Designing enzyme-based platforms for biocatalysis

Biocatalysis can offer many advantages for pharmaceutical manufacturing. Gjalt Huisman, Codexis, reviews some recent technological advances in enzyme optimisation technologies and new platform developments that have broadened the scope and capabilities of biocatalysts

Pharmaceutical manufacturers are showing increased interest in incorporating biocatalysis into manufacturing processes. Using enzymatic approaches in place of traditional chemical synthesis can offer a number of advantages. Enzymes are naturally occurring catalysts that can often provide higher activity and selectivity compared with chemical catalysts, producing a higher yield of chemical product. Enzyme-based processes can be faster and less onerous than traditional syntheses, achieving results with fewer processing steps. Reducing the number of steps can also save considerably on manufacturing costs as a result of the reduced labour and materials requirements, and mean faster delivery of product.

Enzymes are particularly useful for generating isomerically pure pharmaceuticals and fine chemicals. Their chiral active sites can discriminate between different stereoisomers and regioisomers for enantio- and regioselective chiral chemistry.1,2 These advantages can help further to reduce costs and offer considerable benefits for drug development and manufacturing.

Despite the many advantages of biocatalysis, manufacturers have been slow to adopt industrial-scale enzymatic approaches. A significant hurdle has been the requirement for most naturally existing enzymes to undergo artificial optimisation in vitro before they can be used in industrial process conditions. These conditions may involve high temperatures, extreme pH levels and the use of organic solvents and detergents that disrupt natural functioning of enzymes.

Researchers in the 1980s developed protein engineering techniques to produce enhanced enzymes that could function under unfavourable conditions.3,4 As these techniques gained credibility, scientists developed these methods to alter the actual functionality and capabilities of enzymes, initially through targeting specific regions of enzymes’ active sites. This site-directed mutagenesis approach3 enabled development of enzymes with new substrate ranges that were suitable for more unusual synthetic processes, including those required by the pharma industry.

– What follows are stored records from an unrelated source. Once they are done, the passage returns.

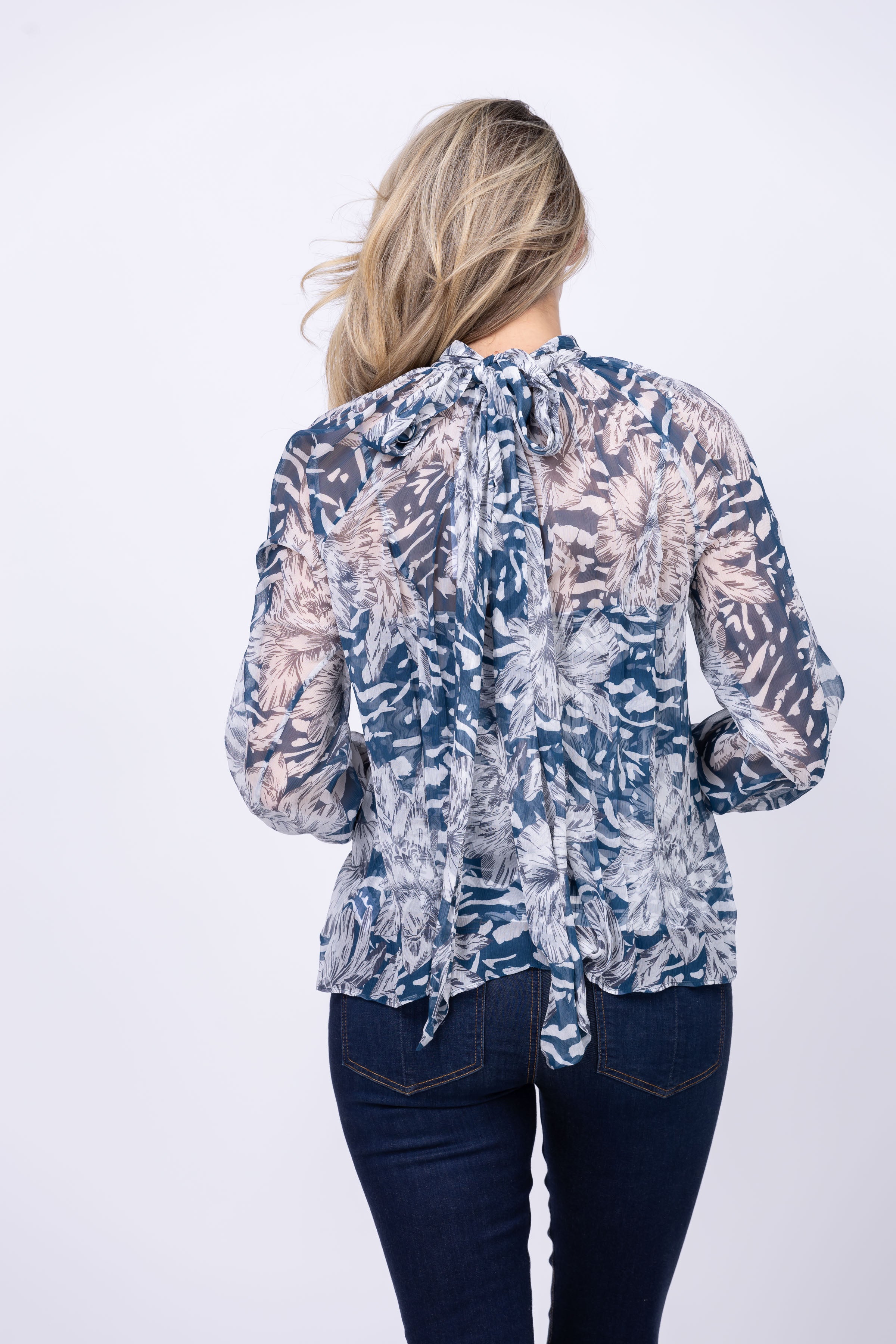 Elevate your wardrobe with the Christy Lynn Teagan Blouse in Navy Lotus. This versatile piece features a gathered neck for added volume and a neck sash for timeless grace. The self covered button and elastic sleeve cuffs add a polished touch, while the matching stretch cami offers comfort and style. Experience the perfect blend of romance and sophistication with this must-have blouse.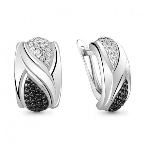 Серебряные серьги с чарующим сочетанием черных нанокристаллов и белых фианитов на классическом английском замке — это идеальное украшение для тех, кто ценит элегантность и утонченность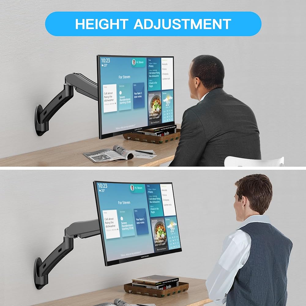 EASY TO INSTALL:Coming with all the screws you need, within 10mins, you will get a whole new device that is holded by a heavy duty and stable wall mount. It can be installed on wood stud/concrete/brick wall,but DON'T mount on drywall alone. If you any question about this single monitor arm, pls fell free to contact us. We will solve the problem for you ASAP.

In the 1990s, alternative approaches of directed evolution through random mutagenesis were developed, where enzymes are put through sequential rounds of random mutagenesis combined with high-throughput screening and selection for specific traits.5 The process creates very large libraries of mutant enzymes with great diversity that can be searched for properties of interest. Small changes in enzyme properties accumulate over time, resulting in larger changes in function.

Now, full R&D programmes can be completed in a matter of months through using the latest enzyme optimisation technology platforms

In the past, enzyme development and optimisation programmes took several years to complete, requiring significant investment. Now, however, full R&D programmes can be completed in a matter of months through using the latest enzyme optimisation technology platforms, such as CodeEvolver Directed Evolution Technologies. These platforms exploit recent significant advances in sequence data collection and understanding, including from next generation sequencing technologies, improvements in bioinformatics and novel computational algorithms, all of which have increased data access and analysis.

These developments provide valuable new information for enzyme optimisation, enabling researchers to focus on and identify optimal mutations more efficiently, and greatly accelerate the speed and success rates of enzyme optimisation programmes. The CodeEvolver platform now enables rapid development of custom-designed enzymes for specific chemical reactions and manufacturing processes.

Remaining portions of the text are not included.